Bevis, last year’s MIAA Player of the Year and a two-time All-American as well, is one of UCO’s all-time best hitters. She ranks third in career kills with 1,701 and also has more than 1,000 digs and 200 total blocks, solidifying her status as among the best all-around performers in Central history.
And getting a big kill off a well-placed set, which has happened thousands of times during her career, is still a big thrill for the veteran.
“That’s what you want every time, hitting the ball hard and straight down, but sometimes you barely touch it and you’re not sure how the ball hit the floor,” said Bevis, who played all last year with torn cartilage in her left knee that required off-season surgery. “That stuff gets you so excited. It hypes everybody up and creates so much energy.”
Spence has been a force at the net since stepping on campus, showcasing a blocking prowess and high-percentage attack that has helped catapult the Bronchos to never-before-seen heights. She ranks in the top seven in both career solo and assisted blocks while also carrying an eye-opening .324 attack percentage.
“It’s a great feeling, especially when it hits your hands solid and goes straight down” said Spence of getting a block. “It’s definitely a play that’s celebrated because you’re preventing your opponent from getting a chance to score and it gets everybody excited.”
And to think both players got their start at the YMCA.
“I started playing at the Y when I was 10 and didn’t get into competitive play until I was 13,” Spence said. “I was one of the tallest players when I started so they stuck me in the middle and I’ve been there ever since.”

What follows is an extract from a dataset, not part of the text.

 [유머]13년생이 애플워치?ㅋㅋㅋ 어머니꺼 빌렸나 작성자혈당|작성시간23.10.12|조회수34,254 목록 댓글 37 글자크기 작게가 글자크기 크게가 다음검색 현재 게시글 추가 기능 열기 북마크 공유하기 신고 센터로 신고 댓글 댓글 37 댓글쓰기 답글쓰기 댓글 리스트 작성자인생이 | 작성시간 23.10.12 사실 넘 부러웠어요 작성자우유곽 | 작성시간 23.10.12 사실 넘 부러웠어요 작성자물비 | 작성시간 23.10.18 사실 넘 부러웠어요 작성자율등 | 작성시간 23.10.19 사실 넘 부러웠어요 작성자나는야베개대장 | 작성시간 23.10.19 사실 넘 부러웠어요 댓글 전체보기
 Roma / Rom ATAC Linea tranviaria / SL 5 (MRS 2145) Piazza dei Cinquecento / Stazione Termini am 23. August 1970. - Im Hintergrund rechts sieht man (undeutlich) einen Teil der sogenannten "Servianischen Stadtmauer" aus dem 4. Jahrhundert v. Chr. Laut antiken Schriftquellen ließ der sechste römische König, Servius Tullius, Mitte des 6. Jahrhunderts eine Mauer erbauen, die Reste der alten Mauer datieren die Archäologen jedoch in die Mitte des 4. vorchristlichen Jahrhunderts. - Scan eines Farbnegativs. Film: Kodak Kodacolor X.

“I actually played setter when I started at the Y when I was probably in the second grade,” Bevis said. “I played in the middle for awhile when I was in elementary and middle school because I was taller than everybody else, but then when I started club ball I went to the outside.”

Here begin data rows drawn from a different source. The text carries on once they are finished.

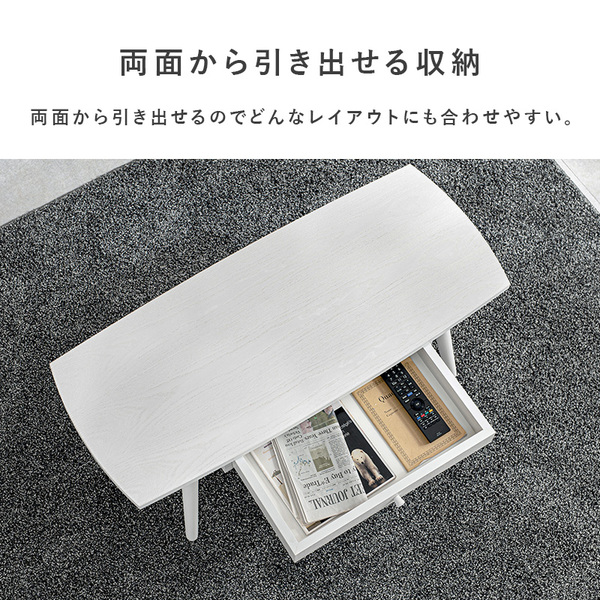 耐熱・耐傷性UV塗装で仕上げた、両側から開く引出し付きのスタイリッシュなセンターテーブル 机 ホワイトウォッシュの木製脚がアクセント 幅95×奥行40×高さ37cmのスクエア型で、お客様組立 リビングに最適な引き出し付きテーブル 白 センターテーブル ローテーブル 机 低い ロータイプ センターテーブル 約幅95×奥行40×高さ37cm ホワイトウォッシュ スクエア型 引き出し 木製脚付 お客様組立品 リビング 白
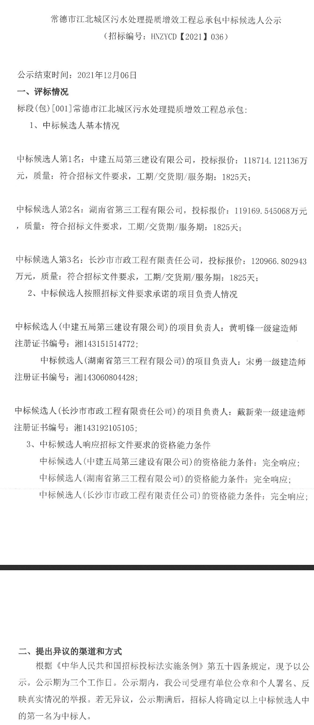 原標題:常德市江北城區(qū)污水處理提質(zhì)增效工程總承包中標候選人公示
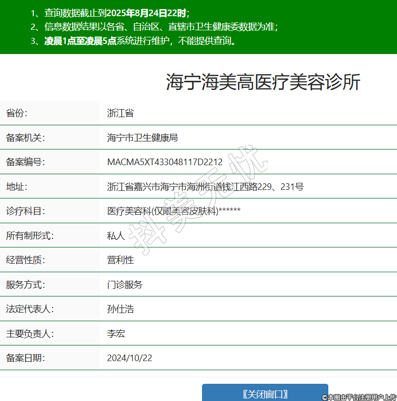 省份:浙江省備案機關:海寧市衛(wèi)生健康局備案編號:MACMA5XT433048117D2212地址:浙江省嘉興市海寧市海洲街道錢江西路229、231號診療科目:醫(yī)療美容科(僅限美容皮膚科)******所有制形式:私人經營性質:營利性服務方式:門診服務法定代表人:孫仕浩主要負責人:李宏備案日期:2024/10/22 -
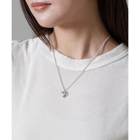 絶妙なサイズ感のハートモチーフがポイントのネックレス。シンプルなTシャツやワンピースに合わせるだけで、存在感のあるシルバーカラーがクールな印象に。チョーカーやお手持ちのアクセサリーとの重ね付けもおすすめ◎ご自身用には勿論、さりげない遊び心を感じさせるデザインがギフトにも喜ばれるアイテムです。

Both prospered at their positions and eventually found their way to Edmond, to the benefit of UCO fans and the Broncho program.
“I visited most of the top MIAA schools and when I came here I thought this would be a good fit for me,” Bevis said. “I got to practice with the team on my visit and that sealed it for me. Every girl here was so nice and so welcoming that it just felt right.”
“My parents, grandparents and great-grandparents all went to school here,” Spence said. “I liked the school and it was a place that was comfortable to me and felt like home. I’m very happy with how it turned out and wouldn’t change a thing.”
Now the dusk of their careers is nearing. Both players are grateful for what UCO has meant to them and how they can add to the legacy they have helped so much to grow.
“As a freshman I didn’t know what it meant to play UCO volleyball,” Spence said. “But it’s to play for your school and not settle for less than your best. We try to pass that on. Looking back, it’s amazing to see all the success we’ve had. It’s cool to look back and see all that we’ve accomplished.”
“The biggest thing I’ll remember is Senior Night my freshman year against Washburn,” Bevis said. “We went to the 20s in the fifth set and won (26-24). That was a perfect example of the type program we have. We’re scroungers and fight for every point. We had such a team effort that night and everybody put their two cents in and that was a perfect description of UCO volleyball.”
And it’s a pretty fitting illustration of UCO’s Batman and Robin as well.